What is upsampling and downsampling?
In a classification task, there is a high chance for the algorithm to be biased if the dataset is imbalanced. An imbalanced dataset is one in which the number of samples in one class is very higher or lesser than the number of samples in the other class. An example of an imbalanced dataset is the task of classifying 10% and 90% car loans given to a bank’s customers. In this scenario, the algorithm is likely to be biased towards classifying all the 10% loans as good and all the 90% loans as bad. An algorithm that is not biased, however, will always classify a class as good or bad. This means that the decision of whether a loan is good or bad, for example, can’t be determined without determining the probability of each class.
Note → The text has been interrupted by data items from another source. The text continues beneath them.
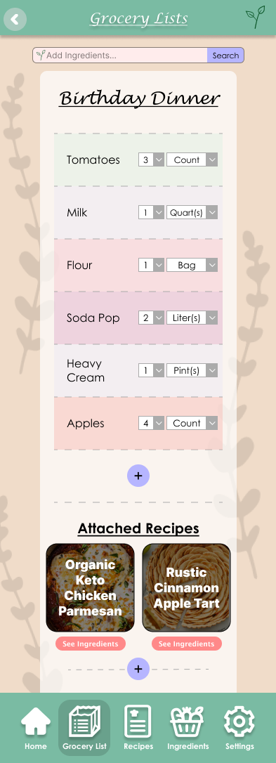 The Grocery Lists are a straightforward collection of pages that first show all available lists then narrow down to a specific grocery list tailored from any recipe, created for any event, or automatically populated with ingredients as they run out.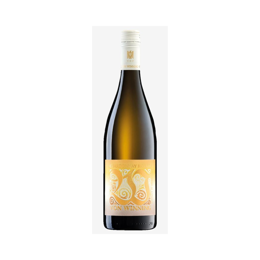 Der Royale ist der Einstieg in die Chardonnays des Weinguts von Winning. Die konzentrierten Aromen zeigen eine leichte Exotik mit Physalis, Banane und Orangenschale sowie eine zarte Butternote. Beim Ausbau auf der Feinhefe in Tonneaus kommt das Holz dezent zur Geltung. Herzhafte Säure und feine Salzigkeit geben dem Chardonnay Royale Frische und Eleganz.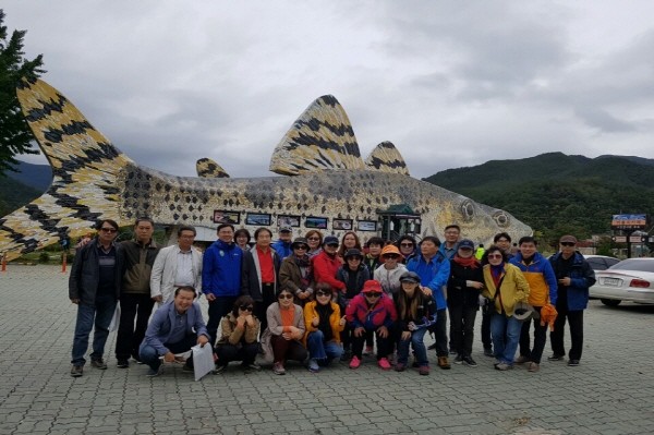 경기 김포시 장기동 통장단협의회가 최근 야외 반상회를 겸해 강원도 정선 일대로 ‘2017년 하반기 선진지 견학’을 다녀왔다. 사진은 참여자들이 기념촬영을 하는 모습.(사진제공=김포시청)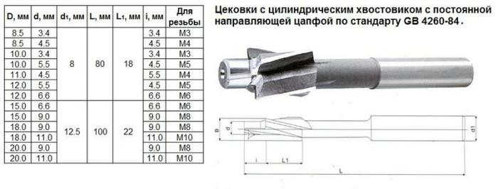 Изготовлены по стандарту GB4260-84 D x d x L (диаметр реж. части х диаметр цапфы х общая длина цековки), под М8, диаметр хвостовика 12.5мм. Цековки цилиндрические с постоянной направляющей цапфой тип 1 предназначены для обработки опорных поверхностей под крепежные детали. ГОСТ26258, 26259-87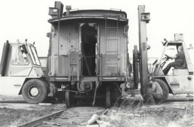 Photo #1 : L&HR caboose #17 being lifted off the tracks at Ingersoll. The two forklift operators did a fantastic job loading these cabooses. There were 6 cabooses moved, numbers: 11, 12, 15, 16, 17 & 18. We kept caboose #16 because it was Norm Coles father's caboose & #18 because it was in the best condition of the 6.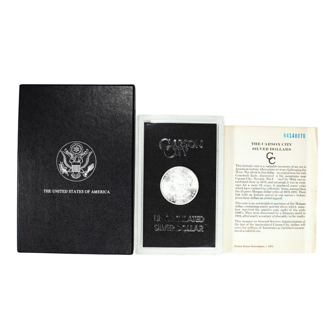 One 1884-CC $1 Morgan Silver Dollar Coin GSA Hoard Uncirculated w/Box & COA.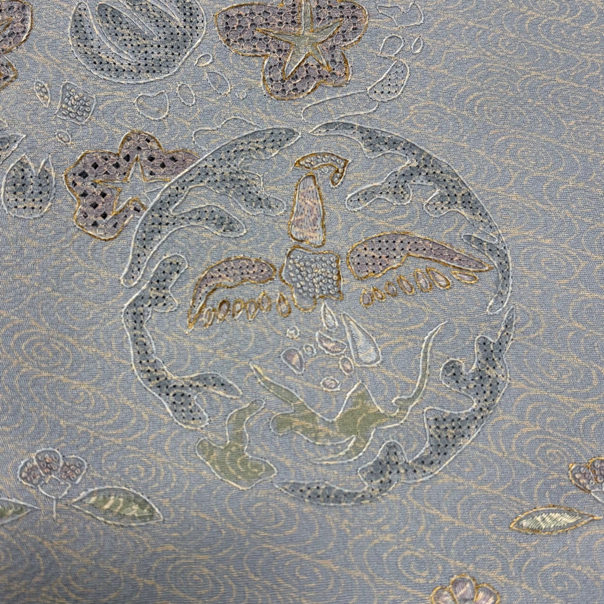 付下げ 身丈172.5cm 裄丈69cm L 袷 鳳凰 ヱ霞 刺繍 サーモンピンク 正絹 秀品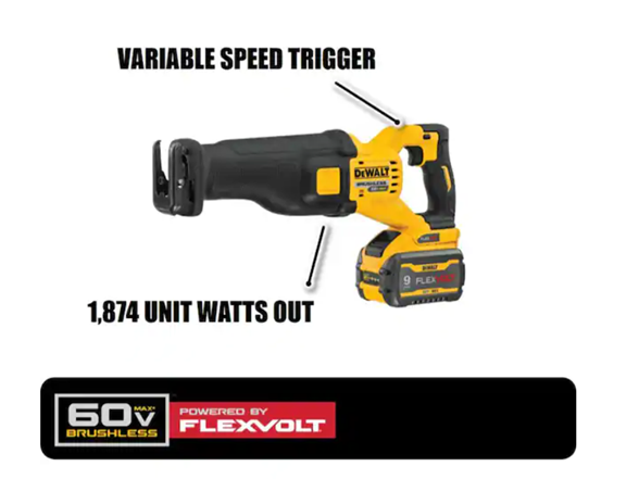 Our most powerful tools just got better with the 60-Volt MAX reciprocating saw. It provides up to 19% more power than the DCS388 60-Volt MAX reciprocating saw with 1874 unit watts out. With a no-load speed of 3000 SPM, this saw delivers the power of a corded reciprocating saw with the portability and convenience of a cordless through our revolutionary DEWALT FLEXVOLT technology.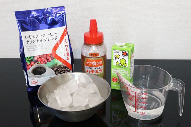 材料はコーヒー粉、家庭で製氷した氷、牛乳(今回は豆乳を使用)、砂糖(今回ははちみつを使用)、水。普段から家でコーヒーを淹れる人なら常備していそうなものだけで作れる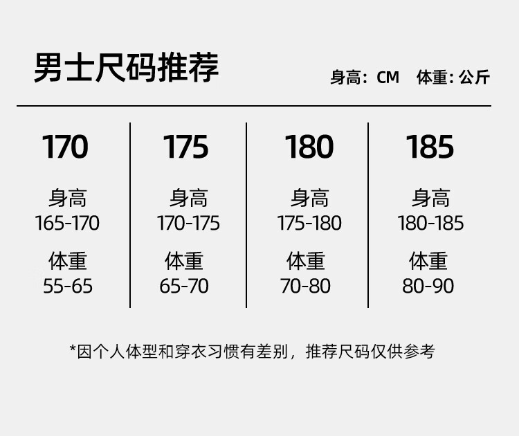 China (cm) 165 / 88-90 170 / 96-98 175 / 108-110 180 / 118-122 185 / 126-130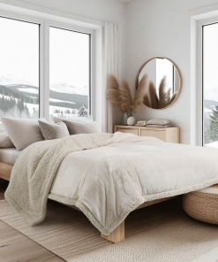 Edredón de coral flece con reverso de corderito / Medidas: 2.80×2.50 / Color liso.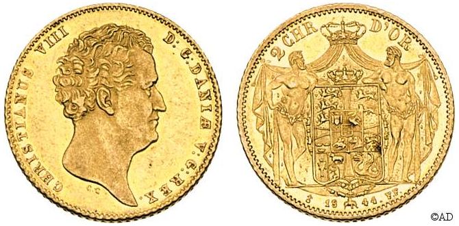 - C) 1844 (S), København: møntmærke krone, bagside: VS (Hede 1C, Schou 2, Sieg 16.3)

Sampling is a method of data collection where we happen to observe a small subset of the population. One of the biggest problems with sampling is that if it is done in an imbalanced way, then we end up with biased data. To counter such imbalanced datasets, we use a technique called up-sampling and down-sampling. Up-sampling and down-sampling work by taking a small subset of the population, and then applying a correction or weighting process to that subset to ensure that the data collected is reflective of the population as a whole. For example, in an experiment on people’s opinions on different opinions, we might want to find out what percentage of people agree with opinion A and opinion B.
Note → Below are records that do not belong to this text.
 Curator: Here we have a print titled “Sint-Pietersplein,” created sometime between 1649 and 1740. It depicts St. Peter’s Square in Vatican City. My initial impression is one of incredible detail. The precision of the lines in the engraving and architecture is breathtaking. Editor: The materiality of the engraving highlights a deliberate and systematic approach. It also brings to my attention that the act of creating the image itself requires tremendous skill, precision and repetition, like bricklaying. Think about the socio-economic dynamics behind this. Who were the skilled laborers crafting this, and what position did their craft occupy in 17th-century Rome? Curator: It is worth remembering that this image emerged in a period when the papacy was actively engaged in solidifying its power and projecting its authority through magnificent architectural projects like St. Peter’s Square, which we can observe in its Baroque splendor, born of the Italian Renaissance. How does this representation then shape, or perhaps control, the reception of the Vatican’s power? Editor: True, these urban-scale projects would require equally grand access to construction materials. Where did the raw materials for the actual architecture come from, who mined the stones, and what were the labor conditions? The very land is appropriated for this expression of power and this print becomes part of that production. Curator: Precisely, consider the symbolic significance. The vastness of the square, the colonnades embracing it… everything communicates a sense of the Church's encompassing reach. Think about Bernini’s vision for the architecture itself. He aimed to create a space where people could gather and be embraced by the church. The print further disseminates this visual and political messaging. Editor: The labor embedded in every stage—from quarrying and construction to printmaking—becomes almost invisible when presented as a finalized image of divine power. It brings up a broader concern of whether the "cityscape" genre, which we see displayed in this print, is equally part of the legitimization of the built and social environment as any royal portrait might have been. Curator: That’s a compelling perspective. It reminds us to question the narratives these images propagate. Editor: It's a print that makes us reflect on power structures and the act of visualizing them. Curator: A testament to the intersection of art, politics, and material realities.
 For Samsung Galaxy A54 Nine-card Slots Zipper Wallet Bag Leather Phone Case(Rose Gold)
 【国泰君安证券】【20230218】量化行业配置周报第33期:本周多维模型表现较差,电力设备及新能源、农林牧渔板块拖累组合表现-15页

In up-sampling, we randomly duplicate the observations from the minority class in order to reinforce its signal. The most common way is to resample with replacement. This is equivalent to creating a random variable that has mean 0, and variance 1. For example, if we wanted to apply up-sampling on the data in the following table: Class A Class B Class C Number of Observations 5 10 15 Mean 3.5 4 5 Variance 2 2 1Number of Observations resampled with replacement: 5, 10, 15. Mean resampled with replacement: 2.05, 2.75, 3 .5. Variance resampled with replacement: 2, 2, 1. This ensures that the mean and variance of the resampled data are consistent with those of the original data set.
In down-sampling, we randomly remove the observations from the majority class. Thus after up-sampling or down-sampling, the dataset becomes balanced with same number of observations in each class .The final result of up-sampling and down-sampling is to preserve the distribution of the data.. .One way of decreasing the variance in a dataset is to down-sample the data.